Sunday, May 31, 2015

The no post post.

        I am sorry to say I had no time to write a post this week. My youngest daughter's wedding was this weekend and it was such a hectic week that I had no time for anything but Kiley, Mackey, and wedding preparations. The wedding was great! I drank too much, danced too much and everyone had a great time. See you next week.

Nan

Monday, May 25, 2015

Big Girl

These are the kind of fashion decisions 'Big' little girls are apt to make...

        Kiley is a “big girl”, as she reminds me at least a thousand times a day. She wears big girl pants (not diapers), sleeps in a big girl bed, and rides a big girl bike. She even uses the big girl potty (not the potty-chair), though I must admit she is barely big enough to accomplish this and is perched quite precariously on the edge of the seat when she does. (There have even been a couple of incidents where she slipped off of the big girl potty in mid-process, resulting in an unpleasant situation, and recriminations from me about her being more careful and from her about me being more watchful. One of the many hazards of being a big girl I’m afraid.)  Because she is a big girl, she can’t understand why she is not allowed to do certain other things that big girls do. Things like ride in the front seat of the car, use a metal knife and fork, or go out front by herself. At three years old, this longing to do what she is not yet mature enough to do will be a perpetual condition that she will struggle with for at least the next eighteen years and even beyond. “Stop treating me like a child” is the universal demand of all those who are still children.

Being a big girl is like being married; it’s not a destination it’s a journey. Big girlhood is a relative condition that slowly evolves over many years and even decades. That is hard for a three year old, sixteen year old, and sometimes even a sixty year old to understand. So I suppose it can be quite frustrating for the big girl in question when she has achieved big girl standing and yet does not fully partake in big girl privileges. This can be exhibited by minor or major divergences between big girl status and big girl abilities.

For a three-year-old, the minor divergences between desires and abilities are legion and are the kind that makes a caregiver give pause and contemplate whether the big girl in question is ready for that particular step. (Managing a big girl, of any age, is an art. It’s kind of like fishing. If you give them too much slack they spit the hook out and are gone from you. If you don’t give them enough slack they break the line and are gone from you.) Sometimes, however, what your big girl believes is within her power and abilities is so far out of the realm of possibility that it’s ludicrous, (like the sixteen-year-old who thinks she should be able to go to Cancun with her friends for spring break.)

Just the other day we were out on the deck when I suggested that it was lunchtime. Mackey, my “little girl”, immediately chimed in with: “Nuggets and fries!” Inspired by this suggestion, Kiley added, “Yeah, let’s go to McDonald’s!”  I was in a good mood and both girls had been angelic all day, so I acquiesced to their demands and we all piled into the car.
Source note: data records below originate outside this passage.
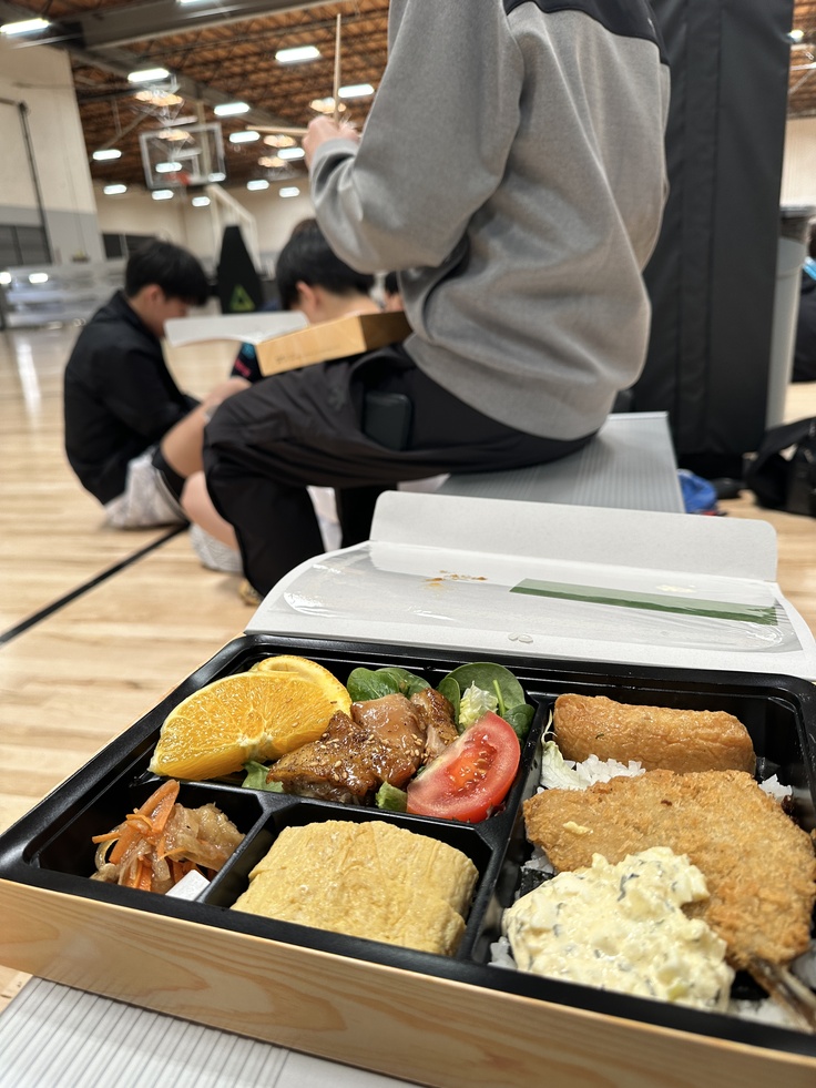 皆様の支援金のおかげで夕飯でレストランに行き豪華なディナーを食べることができたり、お昼ご飯に和食のお弁当を提供したりすることができました。1日に3回の練習があるなど体力的に厳しいスケジュールではありましたが、充実した食事に支えられて、選手はトレーニングに全力で打ち込むことができました。
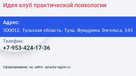 Идея, клуб практической психологии по адресу 300012, Тульская область, Тула, Фридриха Энгельса, 143 в дальнейшем Организация, размещена в следующих категориях:
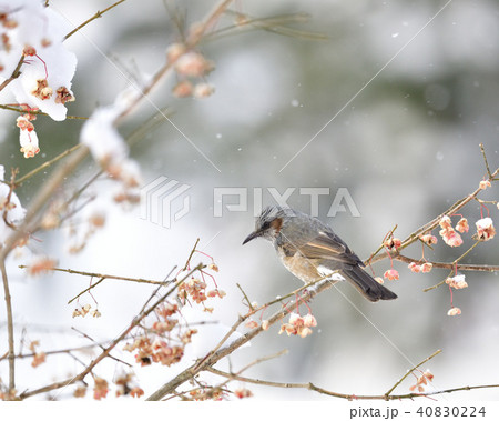 雪とマユミとヒヨドリ
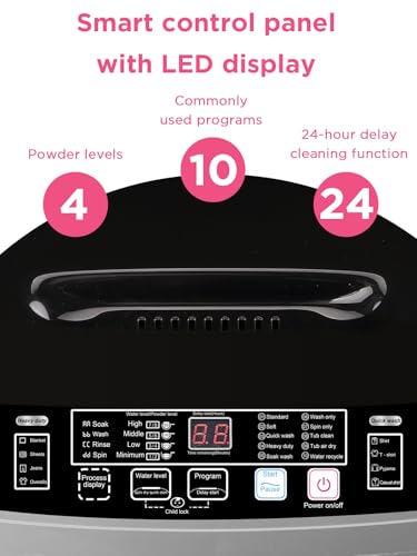 【Multi-functional Control Panel】 The washing machine comes with 10 washing programs, 4 water levels mode and 8 water level selections. All functions and operations are clearly listed on the control panel, making it easily for anyone to operate.

On our way to McDonald’s the “big girl” in the back proposed: “Just drop me off at Friendly’s. I’m going to get some ice cream.” This from someone who is firmly strapped into a car seat, by the way. I briefly entertained the idea of dropping a three-year-old off at Friendly’s with a five-dollar bill in her hand but decided that was probably not in her best interest. “No, we’re going to McDonlad's”, I replied. This instigated a discussion reminiscent of many debates I’ve had in the course of raising three teenage girls and ended in similar fashion: with me laying down the law and her feeling that she was the victim of unjust oppression.

Such is the condition of the “big girl”. It has always been thus and always will be. We, none of us, are ever as big as we think we are. From the toddler learning to walk, to the teenager learning to drive, to the mother of grown children learning to “let go”, one hallmark of maturity reached only leads to another milestone yet to be conquered. That is only as it should be. For in the final analysis, Kiley becoming a “big girl” is nothing more than her growing beyond what she already is. And if any of us stop doing that then it’s time to pack it in.

Nan

Monday, May 18, 2015

The Outback



        Spring is finally here and it’s about time. It was another long and brutal winter where I live. April was disappointingly cold and it seemed like fair weather would never come back. But it has. I have been absolutely pining for spring. Not just for myself but also for the girls who have generally been cooped up in the house for the cold months and desperately needed a change of routine and scenery.Now, with the weather warm and sunny, we can all spend time in the fresh air. These past couple of weeks, having been blessed with especially pleasant weather (sunny, with temperatures in the seventies and sometimes eighties), we have spent the majority of our days outside enjoying it. And when I say “outside” I mean that sublime suburban oasis, that Eden of middle class life, that perfect combination of nature and artifice known the nation over as “the backyard”. “Come on girls. Let’s go out back.”

The girls cannot get enough of “out back”. They want to spend all day every day out there in the sun. The minute they walk into the house they want to know when we are going out back. This being May, the mornings are still a little damp and chilly so I have to fend off their desire for out back until mid-morning when the dew is mostly gone from the grass and the air has lost its crispness. Then I can finally acquiesce to their demands, open the backdoor (they always insist on helping with the back door), and usher them into paradise.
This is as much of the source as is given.